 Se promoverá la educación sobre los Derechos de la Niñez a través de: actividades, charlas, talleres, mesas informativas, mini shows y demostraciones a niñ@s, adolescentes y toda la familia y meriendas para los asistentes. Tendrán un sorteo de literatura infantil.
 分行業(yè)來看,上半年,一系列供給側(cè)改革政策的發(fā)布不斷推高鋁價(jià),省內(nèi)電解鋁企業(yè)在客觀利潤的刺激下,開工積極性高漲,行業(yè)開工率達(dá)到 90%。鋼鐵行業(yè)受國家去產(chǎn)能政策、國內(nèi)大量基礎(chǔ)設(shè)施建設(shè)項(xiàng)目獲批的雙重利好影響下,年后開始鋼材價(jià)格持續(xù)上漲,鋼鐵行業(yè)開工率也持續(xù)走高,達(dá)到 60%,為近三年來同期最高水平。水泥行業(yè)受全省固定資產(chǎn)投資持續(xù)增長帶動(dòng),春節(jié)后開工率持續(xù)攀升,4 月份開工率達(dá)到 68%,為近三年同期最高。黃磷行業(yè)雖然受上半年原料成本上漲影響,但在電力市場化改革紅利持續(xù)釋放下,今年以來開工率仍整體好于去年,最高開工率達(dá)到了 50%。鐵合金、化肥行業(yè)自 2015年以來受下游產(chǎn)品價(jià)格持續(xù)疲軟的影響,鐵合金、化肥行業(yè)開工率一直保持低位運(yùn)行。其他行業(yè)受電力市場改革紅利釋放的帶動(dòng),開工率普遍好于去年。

--

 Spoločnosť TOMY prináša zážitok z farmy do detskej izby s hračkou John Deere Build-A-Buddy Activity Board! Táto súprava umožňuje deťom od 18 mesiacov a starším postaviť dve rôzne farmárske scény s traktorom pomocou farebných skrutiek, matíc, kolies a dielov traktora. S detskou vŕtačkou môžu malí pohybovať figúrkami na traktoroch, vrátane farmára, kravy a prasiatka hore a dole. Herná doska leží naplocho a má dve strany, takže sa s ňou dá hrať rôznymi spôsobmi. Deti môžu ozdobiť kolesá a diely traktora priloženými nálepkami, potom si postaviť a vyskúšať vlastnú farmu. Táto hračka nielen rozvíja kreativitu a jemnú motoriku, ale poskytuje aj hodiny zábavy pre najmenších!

--

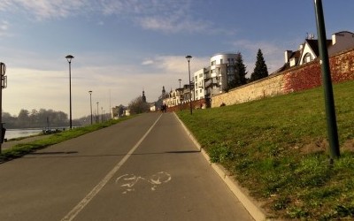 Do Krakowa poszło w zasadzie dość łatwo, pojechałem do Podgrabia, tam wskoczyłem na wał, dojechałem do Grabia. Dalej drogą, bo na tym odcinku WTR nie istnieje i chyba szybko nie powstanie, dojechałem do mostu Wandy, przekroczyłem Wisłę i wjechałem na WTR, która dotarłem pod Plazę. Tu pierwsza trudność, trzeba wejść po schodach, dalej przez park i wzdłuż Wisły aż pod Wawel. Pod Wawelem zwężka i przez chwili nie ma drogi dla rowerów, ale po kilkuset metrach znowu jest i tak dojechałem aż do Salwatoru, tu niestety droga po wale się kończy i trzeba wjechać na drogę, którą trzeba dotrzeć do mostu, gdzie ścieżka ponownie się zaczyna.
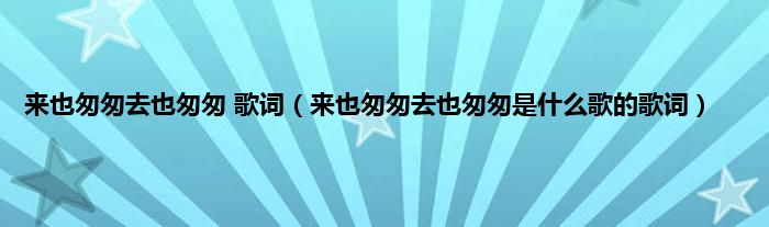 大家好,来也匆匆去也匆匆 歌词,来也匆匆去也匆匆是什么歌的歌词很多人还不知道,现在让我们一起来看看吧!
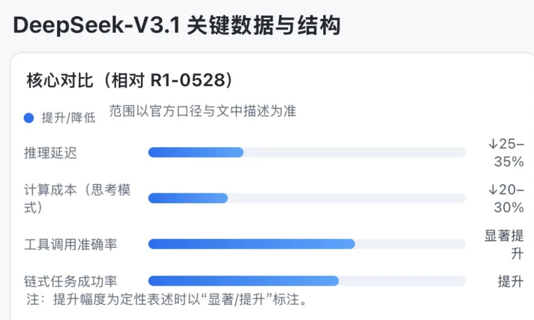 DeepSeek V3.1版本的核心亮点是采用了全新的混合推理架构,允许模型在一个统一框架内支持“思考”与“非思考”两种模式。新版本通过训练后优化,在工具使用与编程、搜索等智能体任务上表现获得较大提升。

(Exercise goal):
Above are some records; quote exactly and only the lines that begin at the line containing "大家好,来也匆匆去也匆匆 歌" and stop after the line containing "DeepSeek V3.1版", leaving out the pictures.

(Response area):
 大家好,来也匆匆去也匆匆 歌词,来也匆匆去也匆匆是什么歌的歌词很多人还不知道,现在让我们一起来看看吧!
 DeepSeek V3.1版本的核心亮点是采用了全新的混合推理架构,允许模型在一个统一框架内支持“思考”与“非思考”两种模式。新版本通过训练后优化,在工具使用与编程、搜索等智能体任务上表现获得较大提升。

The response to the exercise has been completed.